> **Task instructions**
Once you reach the line with "Medias blancas sexys" below, copy each line exactly, stopping after the line with "政府管理学院讲师王晓笛为本期", and skip any pictures.

> **The input**
-*-

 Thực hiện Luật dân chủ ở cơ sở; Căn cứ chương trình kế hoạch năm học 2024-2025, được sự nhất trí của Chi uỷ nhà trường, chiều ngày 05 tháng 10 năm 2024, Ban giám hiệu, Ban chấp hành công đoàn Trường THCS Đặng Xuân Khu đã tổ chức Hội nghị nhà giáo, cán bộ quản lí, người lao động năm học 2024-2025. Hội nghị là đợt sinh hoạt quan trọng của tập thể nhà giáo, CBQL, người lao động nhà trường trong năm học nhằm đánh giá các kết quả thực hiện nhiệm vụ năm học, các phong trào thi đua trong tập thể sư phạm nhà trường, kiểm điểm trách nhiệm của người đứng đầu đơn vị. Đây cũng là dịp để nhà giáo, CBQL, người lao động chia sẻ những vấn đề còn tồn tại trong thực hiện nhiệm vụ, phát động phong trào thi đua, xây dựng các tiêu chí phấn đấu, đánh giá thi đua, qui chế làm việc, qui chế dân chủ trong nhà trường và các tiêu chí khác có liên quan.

-*-

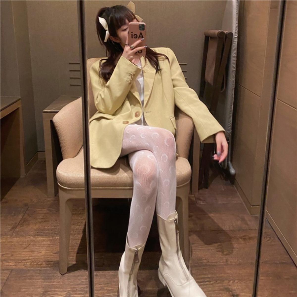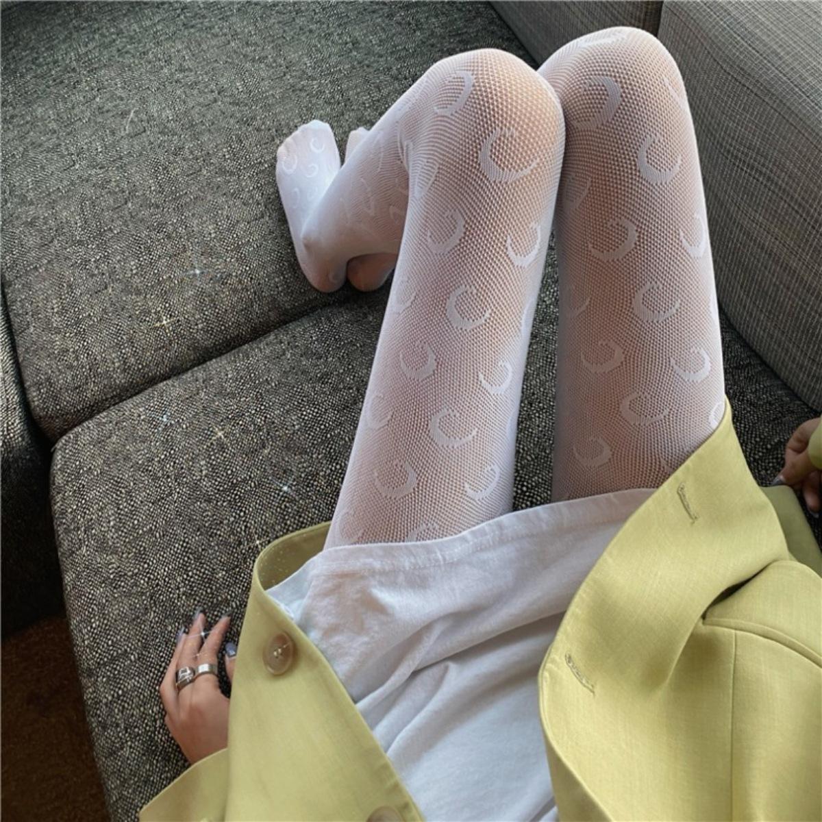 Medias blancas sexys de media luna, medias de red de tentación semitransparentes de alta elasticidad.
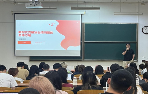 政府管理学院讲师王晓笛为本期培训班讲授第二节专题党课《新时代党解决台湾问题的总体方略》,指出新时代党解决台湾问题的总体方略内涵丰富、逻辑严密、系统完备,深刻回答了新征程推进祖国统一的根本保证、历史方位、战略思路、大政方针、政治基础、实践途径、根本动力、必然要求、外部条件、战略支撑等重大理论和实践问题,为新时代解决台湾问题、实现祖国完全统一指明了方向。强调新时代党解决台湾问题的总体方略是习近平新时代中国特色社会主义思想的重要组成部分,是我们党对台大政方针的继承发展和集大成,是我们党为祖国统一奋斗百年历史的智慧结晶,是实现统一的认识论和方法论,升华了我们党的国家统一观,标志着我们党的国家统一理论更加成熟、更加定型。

-*-

> **Result of this exercise**
 Medias blancas sexys de media luna, medias de red de tentación semitransparentes de alta elasticidad.
 政府管理学院讲师王晓笛为本期培训班讲授第二节专题党课《新时代党解决台湾问题的总体方略》,指出新时代党解决台湾问题的总体方略内涵丰富、逻辑严密、系统完备,深刻回答了新征程推进祖国统一的根本保证、历史方位、战略思路、大政方针、政治基础、实践途径、根本动力、必然要求、外部条件、战略支撑等重大理论和实践问题,为新时代解决台湾问题、实现祖国完全统一指明了方向。强调新时代党解决台湾问题的总体方略是习近平新时代中国特色社会主义思想的重要组成部分,是我们党对台大政方针的继承发展和集大成,是我们党为祖国统一奋斗百年历史的智慧结晶,是实现统一的认识论和方法论,升华了我们党的国家统一观,标志着我们党的国家统一理论更加成熟、更加定型。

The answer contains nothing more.